Write every line below out again exactly, images omitted.

-- SOURCE DATA --
________________

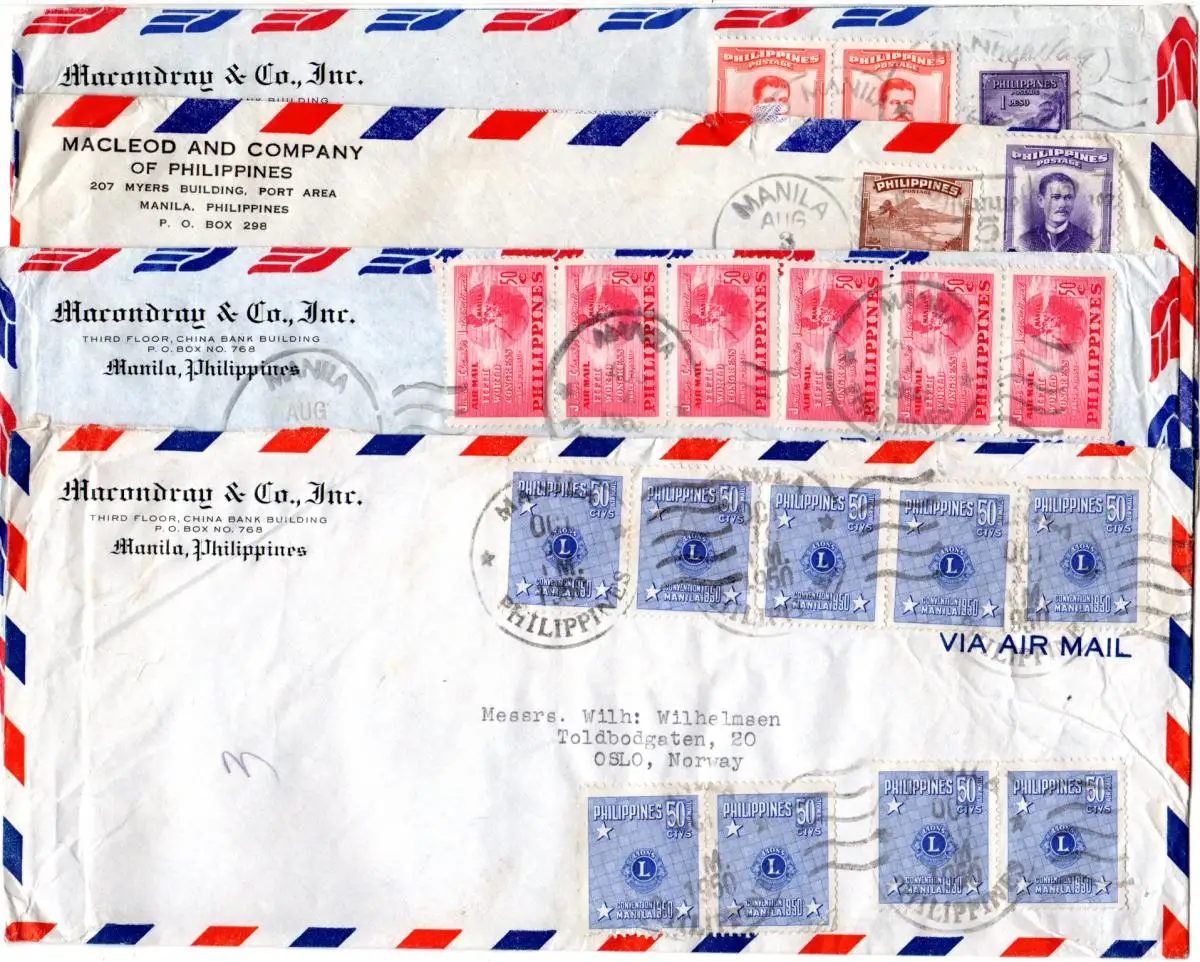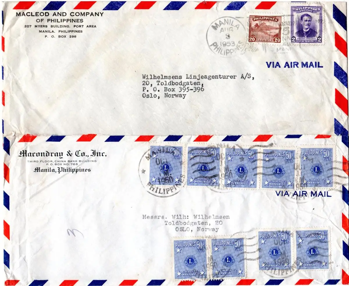 Philippinen 1950/53, 4 Luftpost Briefe nach Norwegen inkl MeF 9x50 C. Lions Club
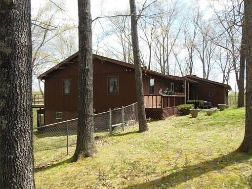 15 wooded acres with frontage on the South Prong of the Jacks Fork River. Comfortable 3 bedroom home. Open living room, dining area and kitchen. 18x20 downstairs family room. Screened in back porch off the lower floor. Deck. Chainlink fenced front yard. 12x20 car port. Two 8x10 storage buildings. Walking trail in the woods crosses a small footbridge and goes past the wildlife pond and gazebo. Located just off blacktop, offering a private setting and some great views!
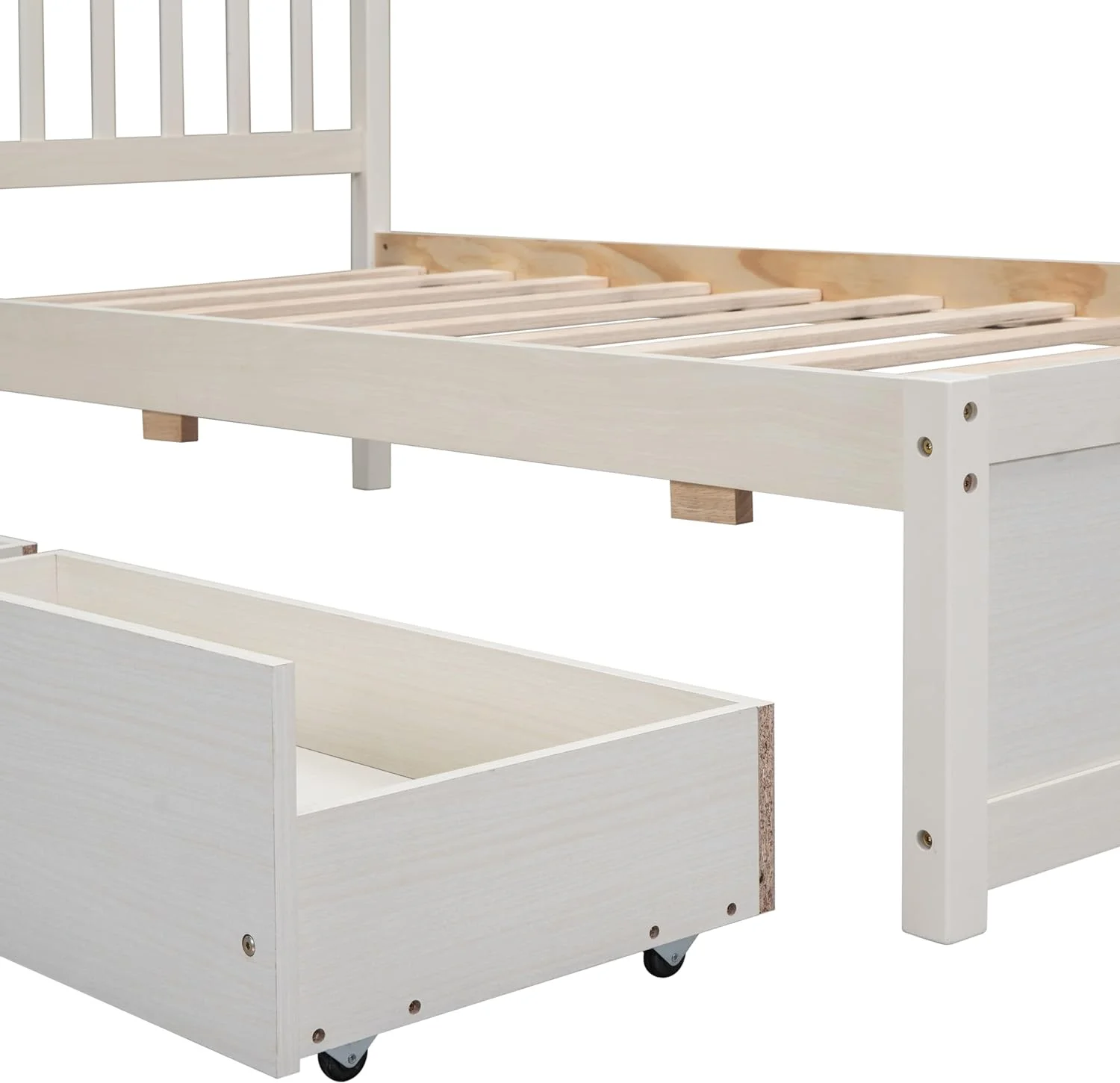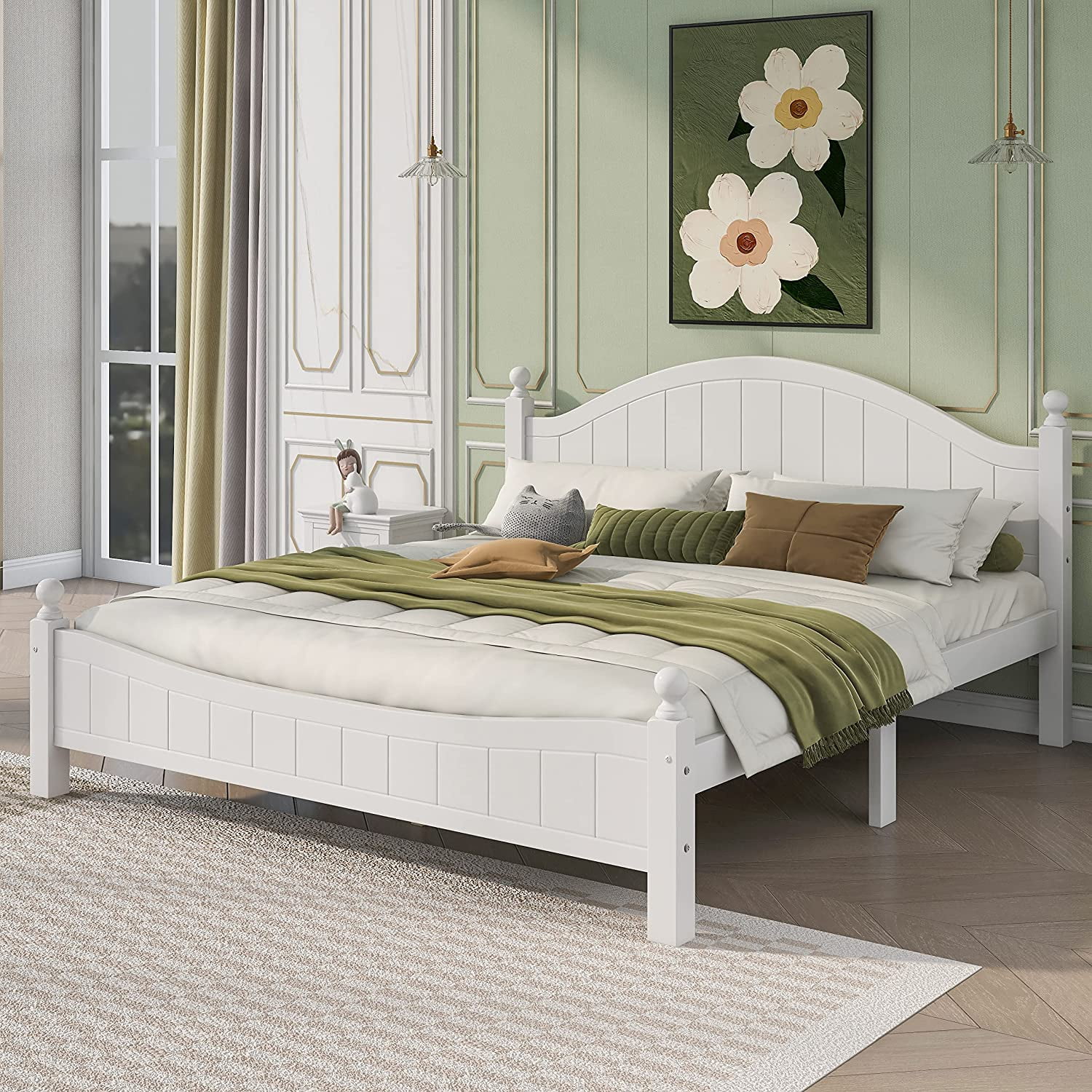 Quee Size Platform Bed With 4 Drawers, Woode Quee Platform Bed Frame With Support Legs, o Box Sprig eeded, White

________________

-- RESULT FOR THIS EXERCISE --
 Philippinen 1950/53, 4 Luftpost Briefe nach Norwegen inkl MeF 9x50 C. Lions Club
 15 wooded acres with frontage on the South Prong of the Jacks Fork River. Comfortable 3 bedroom home. Open living room, dining area and kitchen. 18x20 downstairs family room. Screened in back porch off the lower floor. Deck. Chainlink fenced front yard. 12x20 car port. Two 8x10 storage buildings. Walking trail in the woods crosses a small footbridge and goes past the wildlife pond and gazebo. Located just off blacktop, offering a private setting and some great views!
 Quee Size Platform Bed With 4 Drawers, Woode Quee Platform Bed Frame With Support Legs, o Box Sprig eeded, White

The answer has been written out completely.